NARESZCIE !!!!!!!
Nareszcie się doczekałam tej szczęśliwej chwili, gdy Wojtek całkowicie wyprowadził się z mojej łazienki i oficjalnie ogłosił koniec swoich prac.
W sumie remont trwał miesiąc i dwa dni, ale warto było cierpliwie poczekać, bo mam naprawdę bardzo piękną i komfortową łazienkę. Nie ma żadnego, ale to żadnego podobieństwa do tej poprzedniej, teraz czuje się w niej przynajmniej bezpieczna.
Tylko nagle tak cicho znów zrobi się w mieszkaniu, nie będzie chrobotu otwieranych drzwi i niekończących się nieraz rozmów, bo trzeba powiedzieć, ze Wojtek należy raczej do rządu gaduł, ale co ma w założeniu zrobić, to robi staranie do końca. A że lubi sobie czasami coś poopowiadać…….
Dzisiaj mogłabym nawet do 10 rano sobie smacznie pospać, bo nie musiałam nadsłuchiwać, czy już Wojtek przychodzi, przecież zanim przyszedł musiałam być już umyta, ubrana i gotowa do robienia porannej kawy. Nie będę się przecież przy obcym mężczyźnie w dezabilu po mieszkaniu kręciła.
A teraz znów będę sobie samotnie kawkę rano popijała i nikt mnie nie będzie popędzał.
Wszystko ma swoje dobre i nieco gorsze strony, ale przyznam, że będzie mi tych Wojtkowych wizyt trochę brak, chyba się zdążyłam przyzwyczaić, że coś się w moim domu dzieje, a tu stukanie, a to wiercenie, takie swoiste urozmaicenie życia.
Ale nie szkodzi, na pewno jeszcze jakaś pracę dla Wojtka wynajdę, chociażby wymiana drzwi i wymiana bezpieczników, tylko znów muszę uzbierać trochę grosza, bo zaczynam być co prawda wesoła, ale nieco finansowo goła. Najgorsze jest to, że gruchnęła wieść, że (niedobry) Senat zablokował pieniądze przeznaczone na trzynastą pensję, w związku z tym nie będzie ona wypłacana.

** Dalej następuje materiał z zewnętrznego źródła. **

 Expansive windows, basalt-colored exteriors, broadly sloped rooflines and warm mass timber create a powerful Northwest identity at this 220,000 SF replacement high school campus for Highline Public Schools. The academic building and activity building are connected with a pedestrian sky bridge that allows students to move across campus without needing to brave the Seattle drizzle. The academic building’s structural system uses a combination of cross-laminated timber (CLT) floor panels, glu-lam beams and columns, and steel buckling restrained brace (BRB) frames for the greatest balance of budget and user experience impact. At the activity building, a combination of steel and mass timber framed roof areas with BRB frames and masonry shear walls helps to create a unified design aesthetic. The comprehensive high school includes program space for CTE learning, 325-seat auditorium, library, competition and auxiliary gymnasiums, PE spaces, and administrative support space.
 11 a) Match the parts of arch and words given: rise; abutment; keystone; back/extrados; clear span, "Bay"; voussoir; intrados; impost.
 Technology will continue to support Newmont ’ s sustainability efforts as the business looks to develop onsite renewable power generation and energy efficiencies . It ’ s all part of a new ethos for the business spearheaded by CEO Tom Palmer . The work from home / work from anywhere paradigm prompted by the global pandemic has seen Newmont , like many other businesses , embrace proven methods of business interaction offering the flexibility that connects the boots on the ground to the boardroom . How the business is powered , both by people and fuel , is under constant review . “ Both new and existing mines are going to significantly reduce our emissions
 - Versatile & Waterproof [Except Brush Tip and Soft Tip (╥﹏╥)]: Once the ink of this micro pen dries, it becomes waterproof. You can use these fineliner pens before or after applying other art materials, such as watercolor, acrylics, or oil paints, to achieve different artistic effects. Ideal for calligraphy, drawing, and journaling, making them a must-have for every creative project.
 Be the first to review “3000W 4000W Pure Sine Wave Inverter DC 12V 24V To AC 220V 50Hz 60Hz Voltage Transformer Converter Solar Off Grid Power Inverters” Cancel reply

No tak po prawdzie, to pieniądze które przyrzekł nam emerytom rząd, zostały po prostu ukradzione osobom niepełnosprawnym, co wcale nie wszystkim Senatorom się podoba i stąd taka ich decyzja, którą poniekąd rozumiem.
Łatwo coś obiecać a potem rozdawać coś komuś nie ze swoich pieniędzy, więc skoro rząd chciał być taki wspaniałomyślny, a wiadomo, że zrobił to tylko z czystych populistycznych powodów, by przekupić wyborców, niech teraz on ponosi konsekwencje swoich rozrzutnych pomysłów. W podobny sposób rząd mógł przecież obiecać, że każdemu Polakowi wypłaci na przykład po milion złotych, bo taki akurat mieli kaprys, chociaż wiedział, że na to rząd nie ma pokrycia. Zresztą żaden rząd nie dysponuje swoimi własnymi pieniędzmi, one przecież wpływają do budżetu z naszych podatków, a rząd ma za zadanie mądrze, według naprawdę koniecznych potrzeb nimi dysponować, więc już sama taka ich obietnica była zwyczajną wyborczą kiełbasą, a tu w dodatku, by przypodobać się emerytom, sięgnęli po pieniądze przeznaczone dla osób niepełnosprawnych, którzy naprawdę te pieniądze przecież potrzebują.
Zresztą zastanawiam się, na ile ta plotka jest prawdziwa, a na ile jest zwyczajną następną propagandą, co jest całkiem możliwe, bo grunt pod rządem i jego sojusznikami zaczyna się coraz bardziej palić.
Jeszcze co do remontu, zarówno Wojtek jak i właścicielka kamienicy są już po wstępnych rozmowach dotyczących montażu barierki przy kamiennych schodach wejściowych, które są bardzo niebezpieczne i mogą grozić wypadkiem.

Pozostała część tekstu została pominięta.